Redundancy on control was deferred, as it was not cost effective as per Alba’s operating philosophy and was specified only for protection signals and power supplies. Redundancy for protection signals was achieved using two different PLC’s checking each other through a watchdog signal.
Further, the exhaust thermocouples were split into two parts with ten thermocouples reporting to the main PLC for control and four reporting to the redundant PLC for trip. The redundancy of the servo valve was taken care of by energizing the two coils of the servo from two different servo controllers. Installing necessary bulk power supplies energized from two different sources and driving the system components through a diode OR-ing circuit, introduced necessary power supply redundancy.
Reliability is achieved via hardwired trip relay logic for safe shutdown of the system. The speed probe configuration was also modified to improve reliability. Out of the existing four speed probes, three were used for speed control with 2003 logic while the fourth was added to trip logic.
Most of the specialised field devices were replaced with conventional transmitters. The other devices such as flame scanners, servo and vibration probes were interfaced using necessary adaptors and converters.
A panel mounted human machine interface (HMI) as shown in Figure 4 was introduced for the operator interface. Enhanced graphic displays and an elaborate alarming system were configured for easy operation. Advanced maintenance features such as historical trends with one-second time base and event logging were installed for ease of debugging and troubleshooting.

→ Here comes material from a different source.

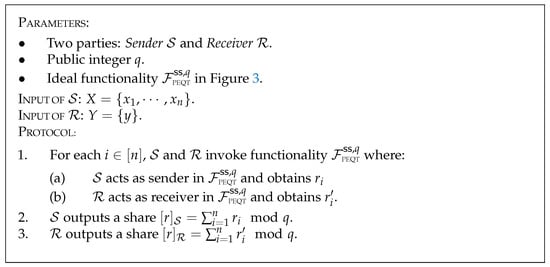 Figure 3. Secret-shared Private Equality Test F PEQT ss , q .
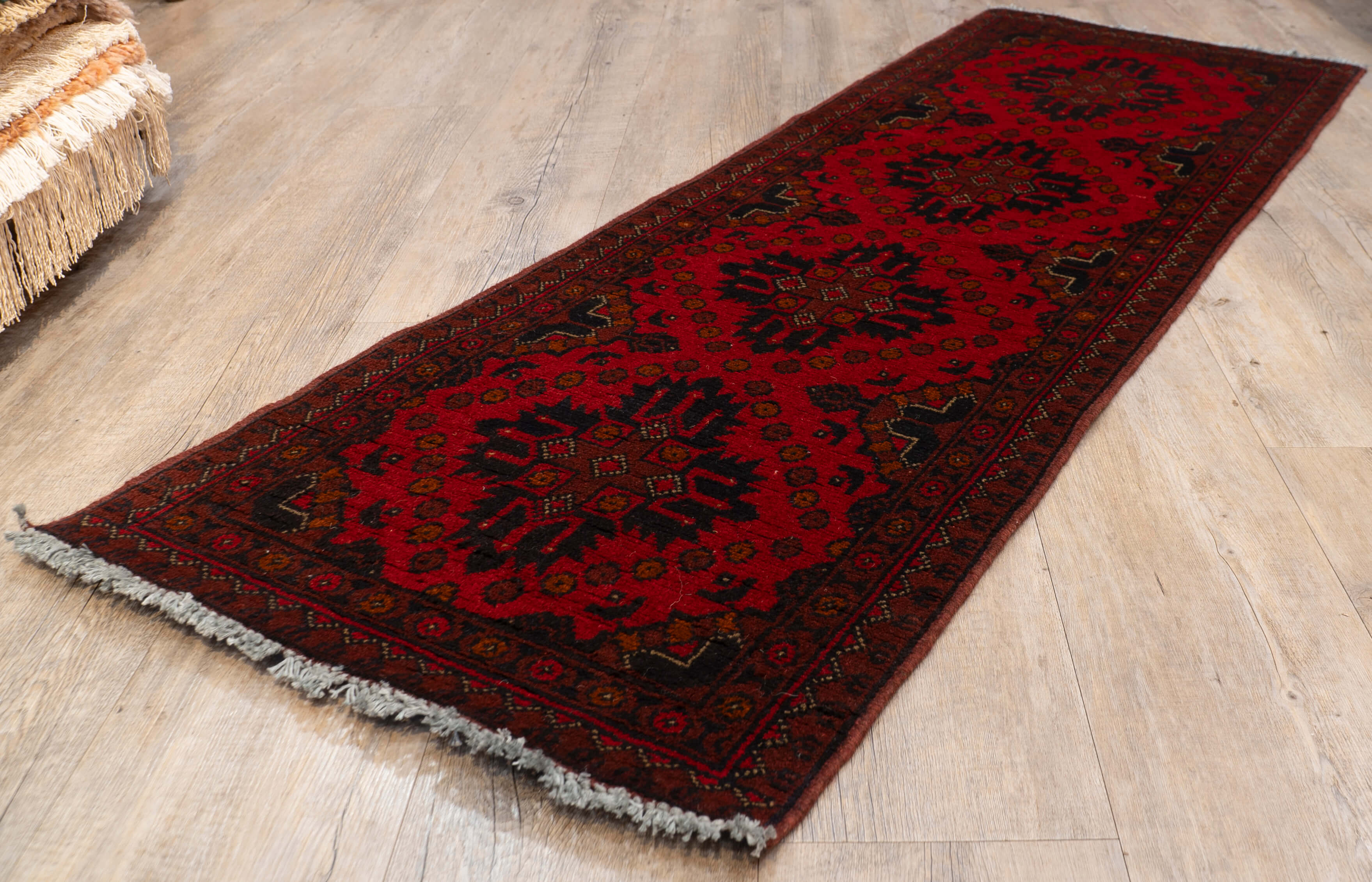 Handcrafted in northwest Afghanistan by skilled artisan weavers, this Afghan Khal Mohammadi short runner showcases traditional techniques passed down through generations. Made from handspun, vegetable-dyed wool, it offers both durability and practicality, making it ideal for high-traffic areas such as short landings or hallways. Combining authentic craftsmanship with excellent value, this runner brings both cultural heritage and lasting quality to your home.

This downtime provided an excellent opportunity to replace all field cables from field to control panel and motor control centre since they were causing frequent ground faults. Additional cables were also laid to separate the paralleled common signals. The old trolley based manual synchronizing unit was replaced with a state-of-the-art panel mounted auto synchronizer.
Working extensively with the system integrator on the retrofit provided several eye openers for Alba. First and foremost the system integrator had to be provided with several technical details, as they were not aware of all the specifics of the existing control system. This led to increased workload on Alba’s technical staff.
Figure 4. A panel mounted human machine interface (HMI) was introduced for the operator interface
Secondly the system integrator generally uses third party products that can cause interfacing problems during commissioning. The interfacing problem of existing LVDT with the new servo controllers was a good example in this case. The system integrator also tends to put more emphasis on achieving low cost as opposed to technical excellence when selecting solutions in order to maximise profit.
Proper planning and co-ordination between vendor and various departments within Alba, however, resulted in an efficient installation and commissioning of the new system. Looking into the future, the generator rewinding and control system upgrade has increased the life expectancy of the gas turbines. The reliability of the new control system has also significantly improved the stability of the power station as a whole.